Defect centers in diamond materials, which function as atomic-scale light sources, are trapped in a transparent material that is large enough to be handled manually. Moreover, unlike quantum dots or trapped atoms, they don't need to be kept at cryogenic temperatures or to be trapped in large electromagnetic fields to be stable.

"Defect centers could also be used as building blocks for solid-state quantum computers, which would use quantum effects to solve problems that are not efficiently solvable with current computer technology," said J.P. Hadden, a PhD candidate at the Centre for Quantum Photonics at the university.

To fulfill the potential of diamond defect centers, it's essential that the light be collected efficiently from the diamond material, but this collection efficiency is dramatically reduced by reflection and refraction of light passing through the diamond-air interface.

"We managed to show an improvement in the brightness of these defect centers of up to 10 times by etching hemispherical 'solid immersion lenses' into the diamond," notes Hadden. "This is an important result, showing how nanofabrication techniques can complement and enhance quantum technologies, and opens the door to diamond-defect-center-based implementations of quantum cryptography and quantum computation."

More recently, Hadden and colleagues developed a technique that allows them to reliably etch these structures over previously characterized defect centers to a precision of about 100 nm — another significant step toward a practical and repeatable combination of nanotechnology and quantum optics.
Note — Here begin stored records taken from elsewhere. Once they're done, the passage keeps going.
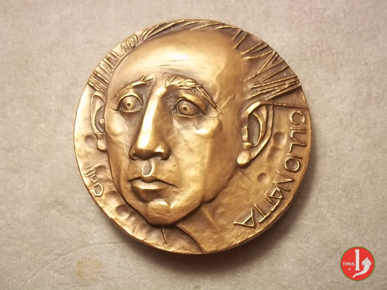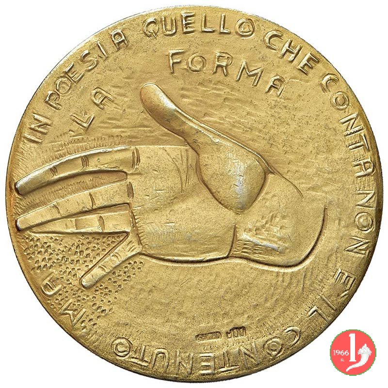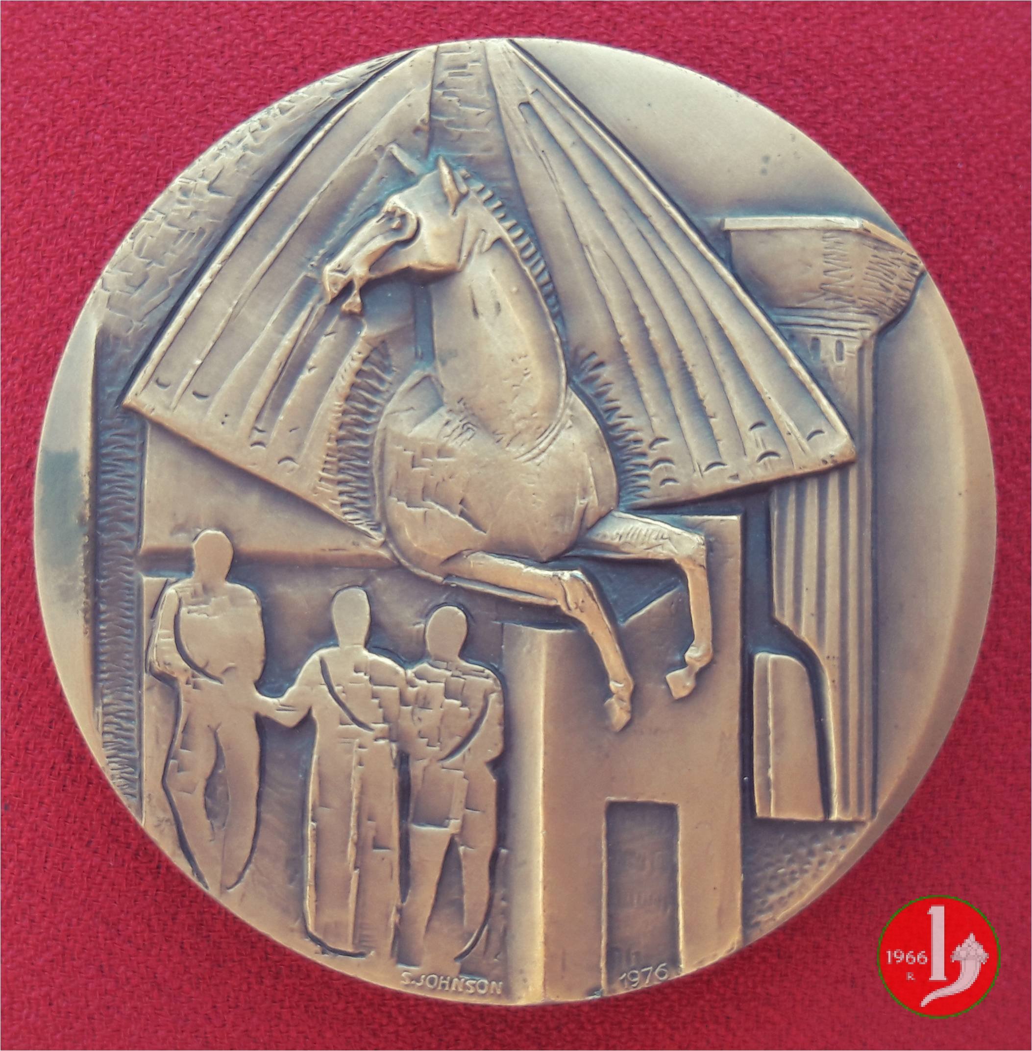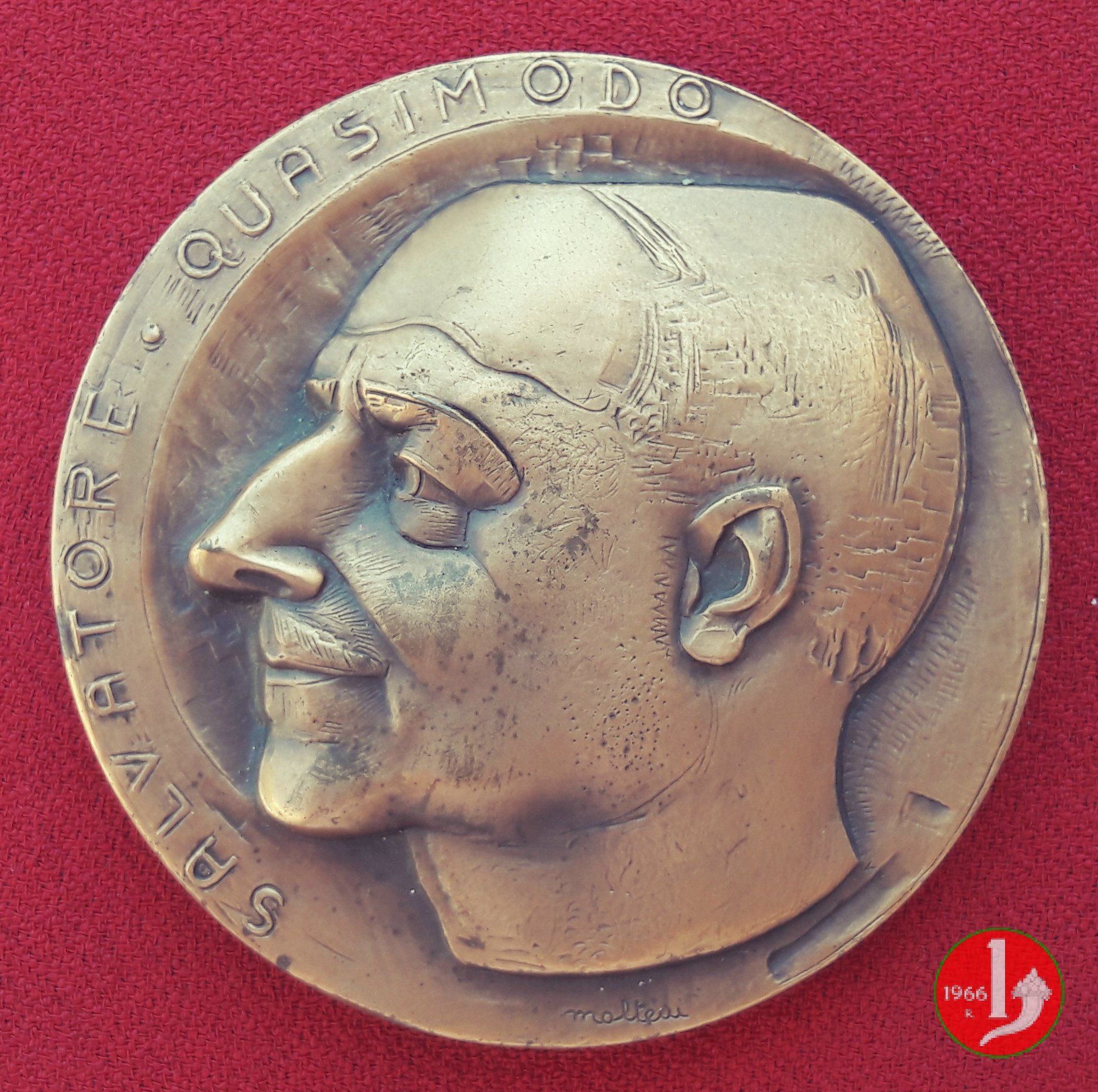 Salvatore Quasimodo (1959) Dritto: Intorno la scritta "SALVATORE • QUASIMODO" Al centro, testa che guarda a sinistra; In basso "MOLTENI" Verso: Testa di cavallo tra due teli triangolari, su casa; In basso tre figure in piedi di spalle; Sullo sfondo, a dx: colonna dorica; In basso vicino al bordo "JOHNSON" "1976". | |
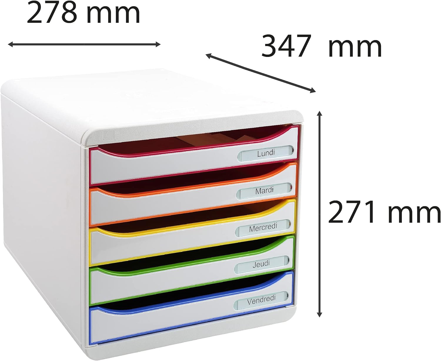 Exacompta 309913D Premium Ablagebox mit 5 Schubladen für DIN A4+ Dokumente. Stapelbare Schubladenbox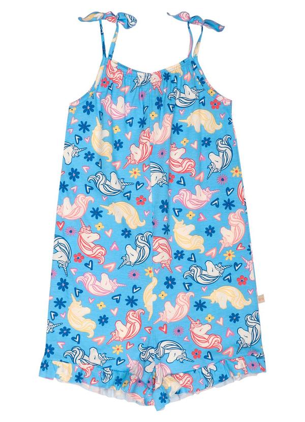Tink Bink - Macaquinho de Alça Estampado com Babado Azul

For more information, visit: apl.aip.org 


GLOSSARY
nanotechnology
The use of atoms, molecules and molecular-scale structures to enhance existing technology and develop new materials and devices. The goal of this technology is to manipulate atomic and molecular particles to create devices that are thousands of times smaller and faster than those of the current microtechnologies.
quantum optics
The area of optics in which quantum theory is used to describe light in discrete units or ‘quanta’ of energy known as photons. First observed by Albert Einstein’s photoelectric effect, this particle description of light is the foundation for describing the transfer of energy (i.e. absorption and emission) in light matter interaction.